ENTRIES SHOWN
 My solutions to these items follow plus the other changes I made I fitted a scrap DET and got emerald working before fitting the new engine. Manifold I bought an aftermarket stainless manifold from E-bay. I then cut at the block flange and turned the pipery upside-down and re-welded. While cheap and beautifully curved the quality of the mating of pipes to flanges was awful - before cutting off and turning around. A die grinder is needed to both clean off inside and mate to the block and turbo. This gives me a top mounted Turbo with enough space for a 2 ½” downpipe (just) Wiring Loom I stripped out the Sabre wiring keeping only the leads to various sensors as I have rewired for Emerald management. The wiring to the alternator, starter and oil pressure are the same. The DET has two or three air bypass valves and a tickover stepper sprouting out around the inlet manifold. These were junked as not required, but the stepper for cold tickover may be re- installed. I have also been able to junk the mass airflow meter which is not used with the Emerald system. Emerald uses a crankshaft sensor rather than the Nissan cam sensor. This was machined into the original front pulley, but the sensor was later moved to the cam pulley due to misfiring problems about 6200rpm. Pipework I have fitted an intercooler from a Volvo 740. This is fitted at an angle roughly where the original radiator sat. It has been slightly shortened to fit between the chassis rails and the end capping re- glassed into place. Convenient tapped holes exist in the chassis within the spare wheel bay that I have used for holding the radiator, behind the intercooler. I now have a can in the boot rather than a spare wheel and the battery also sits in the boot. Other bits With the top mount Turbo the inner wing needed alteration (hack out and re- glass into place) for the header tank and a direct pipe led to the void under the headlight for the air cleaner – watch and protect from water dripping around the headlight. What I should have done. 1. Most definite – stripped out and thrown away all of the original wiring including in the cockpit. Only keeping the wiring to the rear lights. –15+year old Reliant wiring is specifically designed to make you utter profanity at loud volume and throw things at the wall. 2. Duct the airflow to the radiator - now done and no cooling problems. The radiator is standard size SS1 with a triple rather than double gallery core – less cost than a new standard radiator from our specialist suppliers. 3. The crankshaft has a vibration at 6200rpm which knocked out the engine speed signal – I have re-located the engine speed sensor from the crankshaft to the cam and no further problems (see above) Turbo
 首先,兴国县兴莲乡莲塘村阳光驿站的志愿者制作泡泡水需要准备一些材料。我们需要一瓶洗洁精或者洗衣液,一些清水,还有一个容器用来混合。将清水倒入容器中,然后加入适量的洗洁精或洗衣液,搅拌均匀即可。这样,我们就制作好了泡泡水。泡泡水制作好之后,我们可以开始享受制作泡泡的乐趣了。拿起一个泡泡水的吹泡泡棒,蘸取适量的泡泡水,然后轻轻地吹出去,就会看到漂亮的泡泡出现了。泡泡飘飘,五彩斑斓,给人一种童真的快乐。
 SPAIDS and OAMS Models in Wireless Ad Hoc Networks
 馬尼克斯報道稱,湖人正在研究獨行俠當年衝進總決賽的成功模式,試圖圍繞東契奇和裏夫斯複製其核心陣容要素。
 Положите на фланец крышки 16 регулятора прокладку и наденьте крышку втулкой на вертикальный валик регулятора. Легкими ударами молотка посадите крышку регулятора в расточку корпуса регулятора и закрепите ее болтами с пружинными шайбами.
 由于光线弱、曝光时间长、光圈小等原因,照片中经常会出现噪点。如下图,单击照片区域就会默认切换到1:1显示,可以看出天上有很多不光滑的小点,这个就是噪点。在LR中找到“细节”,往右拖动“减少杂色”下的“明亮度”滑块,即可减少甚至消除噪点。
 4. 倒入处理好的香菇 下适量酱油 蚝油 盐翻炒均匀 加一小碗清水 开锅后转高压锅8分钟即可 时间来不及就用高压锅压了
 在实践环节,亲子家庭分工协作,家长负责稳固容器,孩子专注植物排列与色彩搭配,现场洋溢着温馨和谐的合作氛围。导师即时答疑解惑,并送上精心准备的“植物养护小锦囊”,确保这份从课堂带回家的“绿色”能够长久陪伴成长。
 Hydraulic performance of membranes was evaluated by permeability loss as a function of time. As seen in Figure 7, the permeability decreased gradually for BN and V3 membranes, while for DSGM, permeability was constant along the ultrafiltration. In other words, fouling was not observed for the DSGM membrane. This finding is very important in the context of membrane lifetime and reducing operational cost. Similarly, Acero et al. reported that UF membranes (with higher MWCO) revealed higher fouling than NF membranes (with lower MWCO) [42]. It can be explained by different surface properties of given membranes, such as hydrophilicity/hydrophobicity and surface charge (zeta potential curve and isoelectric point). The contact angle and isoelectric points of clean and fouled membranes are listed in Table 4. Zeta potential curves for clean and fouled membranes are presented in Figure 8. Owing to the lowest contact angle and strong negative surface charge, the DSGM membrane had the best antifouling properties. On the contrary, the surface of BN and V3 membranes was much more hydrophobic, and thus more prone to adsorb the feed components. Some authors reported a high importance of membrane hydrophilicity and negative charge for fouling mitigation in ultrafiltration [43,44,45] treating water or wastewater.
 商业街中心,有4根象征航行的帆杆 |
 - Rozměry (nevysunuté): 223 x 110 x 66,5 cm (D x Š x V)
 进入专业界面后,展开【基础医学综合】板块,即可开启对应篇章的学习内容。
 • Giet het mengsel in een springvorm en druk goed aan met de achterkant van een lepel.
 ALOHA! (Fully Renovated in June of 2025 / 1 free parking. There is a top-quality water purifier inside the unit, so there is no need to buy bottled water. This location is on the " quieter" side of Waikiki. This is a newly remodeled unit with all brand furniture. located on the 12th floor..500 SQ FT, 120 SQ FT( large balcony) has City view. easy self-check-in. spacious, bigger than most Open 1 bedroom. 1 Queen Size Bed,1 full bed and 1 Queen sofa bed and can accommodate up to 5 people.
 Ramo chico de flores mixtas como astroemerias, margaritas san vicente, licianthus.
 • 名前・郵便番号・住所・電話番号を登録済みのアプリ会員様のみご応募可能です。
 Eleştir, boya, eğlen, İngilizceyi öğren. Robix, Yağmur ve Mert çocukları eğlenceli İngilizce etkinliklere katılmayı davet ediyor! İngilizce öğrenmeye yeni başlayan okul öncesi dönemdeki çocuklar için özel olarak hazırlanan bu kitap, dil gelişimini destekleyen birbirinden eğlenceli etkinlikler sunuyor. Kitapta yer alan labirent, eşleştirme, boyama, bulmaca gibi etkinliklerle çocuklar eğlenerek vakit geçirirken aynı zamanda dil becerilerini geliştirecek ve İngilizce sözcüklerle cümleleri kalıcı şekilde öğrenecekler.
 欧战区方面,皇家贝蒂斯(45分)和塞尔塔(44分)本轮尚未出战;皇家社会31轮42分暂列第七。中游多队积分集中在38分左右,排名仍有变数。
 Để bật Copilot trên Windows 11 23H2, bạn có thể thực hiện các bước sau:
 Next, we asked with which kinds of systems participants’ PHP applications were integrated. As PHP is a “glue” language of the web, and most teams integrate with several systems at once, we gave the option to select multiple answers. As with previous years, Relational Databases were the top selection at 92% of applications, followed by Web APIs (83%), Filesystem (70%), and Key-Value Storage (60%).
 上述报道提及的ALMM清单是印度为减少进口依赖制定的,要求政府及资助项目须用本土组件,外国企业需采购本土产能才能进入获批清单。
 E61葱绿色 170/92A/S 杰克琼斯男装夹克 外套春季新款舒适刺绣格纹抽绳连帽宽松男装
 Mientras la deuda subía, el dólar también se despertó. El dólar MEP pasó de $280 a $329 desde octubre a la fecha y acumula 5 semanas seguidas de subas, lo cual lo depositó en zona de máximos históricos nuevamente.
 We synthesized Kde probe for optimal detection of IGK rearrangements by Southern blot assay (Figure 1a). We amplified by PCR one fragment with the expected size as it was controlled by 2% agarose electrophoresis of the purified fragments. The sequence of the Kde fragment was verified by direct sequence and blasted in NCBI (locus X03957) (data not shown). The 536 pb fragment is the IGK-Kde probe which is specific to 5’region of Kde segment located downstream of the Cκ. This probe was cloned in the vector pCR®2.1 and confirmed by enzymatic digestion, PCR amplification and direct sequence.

TASK DETAILS
Give only the lines from the one holding "SPAIDS and OAMS" through the one holding "在实践环节,亲子家庭分工协作", each restated exactly as it appears above.

RESPONSE BELOW
 SPAIDS and OAMS Models in Wireless Ad Hoc Networks
 馬尼克斯報道稱,湖人正在研究獨行俠當年衝進總決賽的成功模式,試圖圍繞東契奇和裏夫斯複製其核心陣容要素。
 Положите на фланец крышки 16 регулятора прокладку и наденьте крышку втулкой на вертикальный валик регулятора. Легкими ударами молотка посадите крышку регулятора в расточку корпуса регулятора и закрепите ее болтами с пружинными шайбами.
 由于光线弱、曝光时间长、光圈小等原因,照片中经常会出现噪点。如下图,单击照片区域就会默认切换到1:1显示,可以看出天上有很多不光滑的小点,这个就是噪点。在LR中找到“细节”,往右拖动“减少杂色”下的“明亮度”滑块,即可减少甚至消除噪点。
 4. 倒入处理好的香菇 下适量酱油 蚝油 盐翻炒均匀 加一小碗清水 开锅后转高压锅8分钟即可 时间来不及就用高压锅压了
 在实践环节,亲子家庭分工协作,家长负责稳固容器,孩子专注植物排列与色彩搭配,现场洋溢着温馨和谐的合作氛围。导师即时答疑解惑,并送上精心准备的“植物养护小锦囊”,确保这份从课堂带回家的“绿色”能够长久陪伴成长。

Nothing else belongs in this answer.